Acceleration Request

[NYMEX Holdings, Inc.]

 

November 15, 2006

Gregory Dundas

Division of Corporation Finance

Securities and Exchange Commission

100 F Street, N.E.

Washington, D.C. 20549

 

  Re: NYMEX Holdings, Inc. Registration Statement
       on Form S-1 (File No. 333-135800)

Ladies and Gentlemen:

Pursuant to Rule 461(a) under the Securities Act of 1933, as amended, NYMEX Holdings, Inc., a Delaware Corporation (the “Company”), hereby respectfully requests acceleration of the effective date of its Registration Statement on Form S-1 (File No. 333-135800) (the “Registration Statement”), relating to the registration of 7,475,000 shares of the Company’s common stock, so that the Registration Statement may be declared effective at 4:00 p.m. on Thursday, November 16, 2006, or as early as practicable thereafter.
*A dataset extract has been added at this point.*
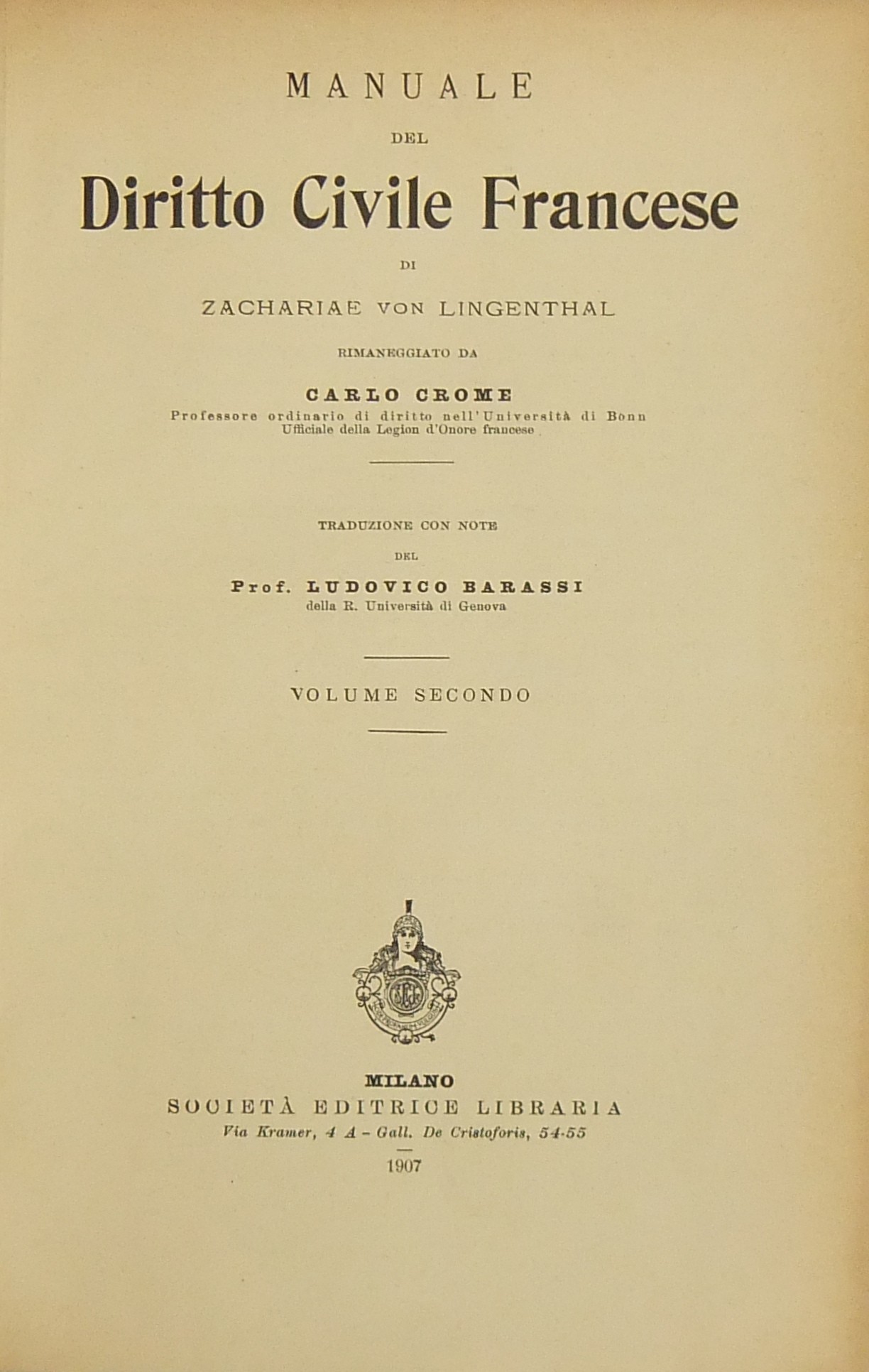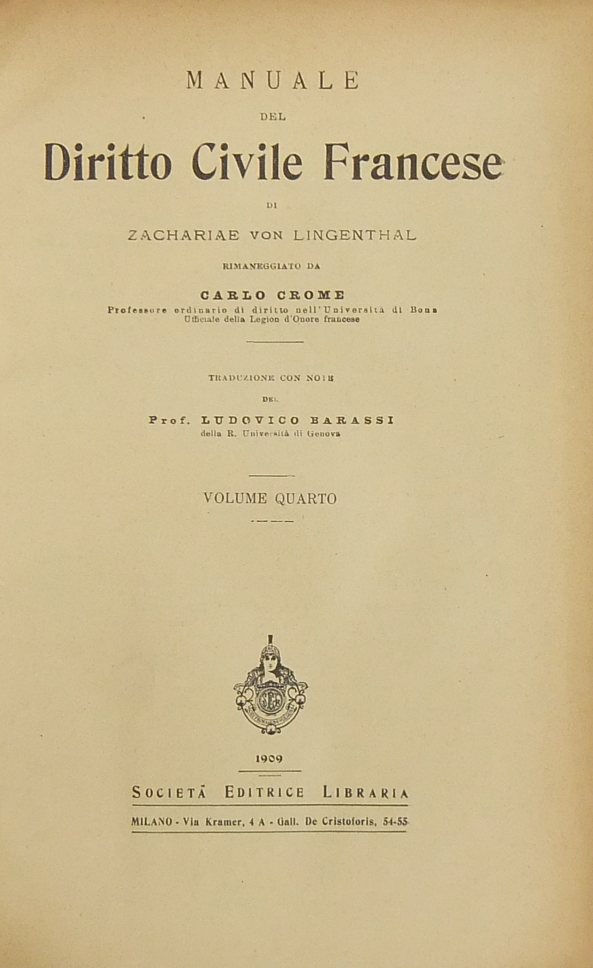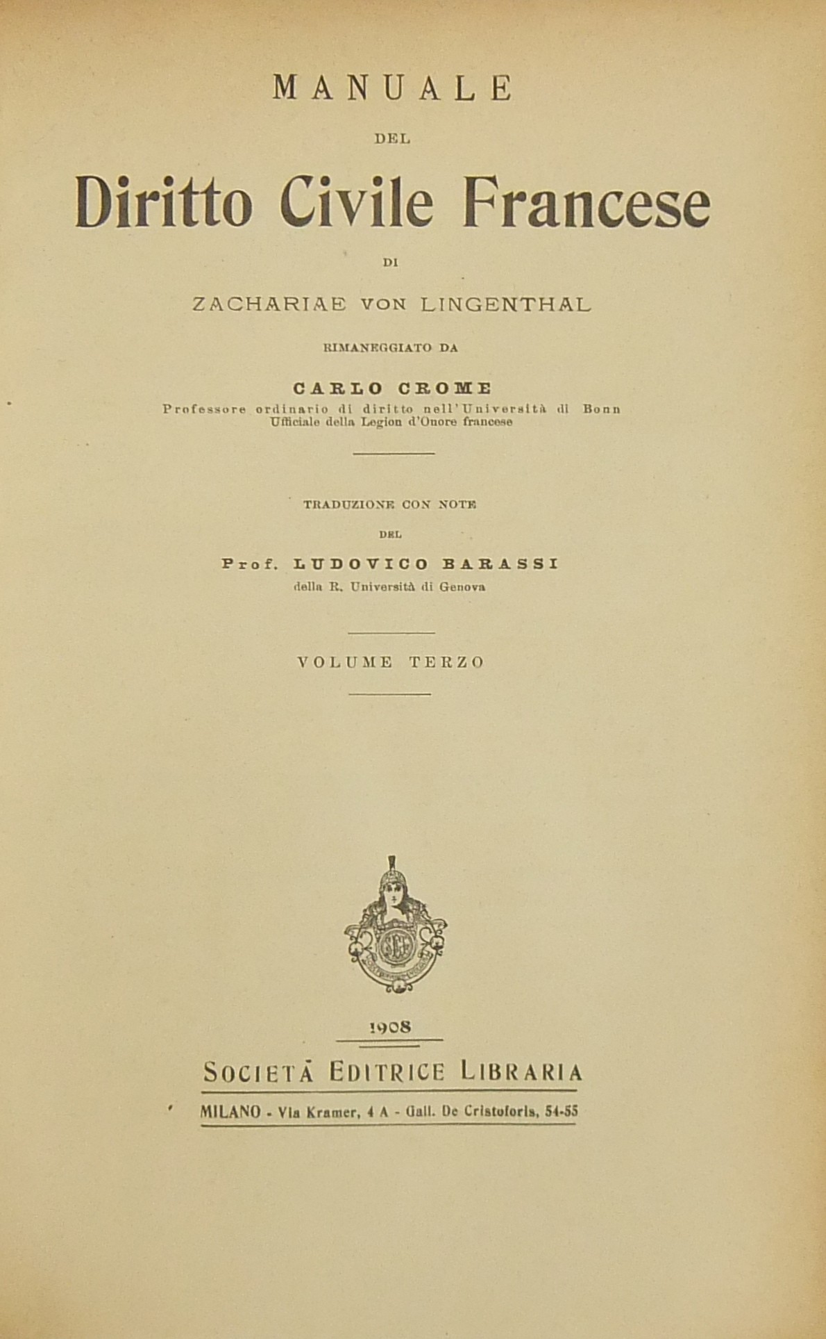 Manuale del diritto civile francese di Zachariae Von Lingenthal rimaneggiato da Carlo Crome. Traduzione con note del Prof. Ludovico Barassi

The Company acknowledges that, should the Securities Exchange Commission (the “Commission”) or its staff, acting pursuant to delegated authority, declare the filing effective, it does not foreclose the Commission from taking any action with respect to the filing. In addition, the Company acknowledges that the action of the Commission or the staff, acting pursuant to delegated authority, in declaring the filing effective, does not relieve the Company from its full responsibility for the adequacy and accuracy of the disclosure in the filing. Finally, the Company acknowledges that they may not assert the declaration of effectiveness as defense in any proceeding initiated by the Commission or any person under the federal securities laws of the United States.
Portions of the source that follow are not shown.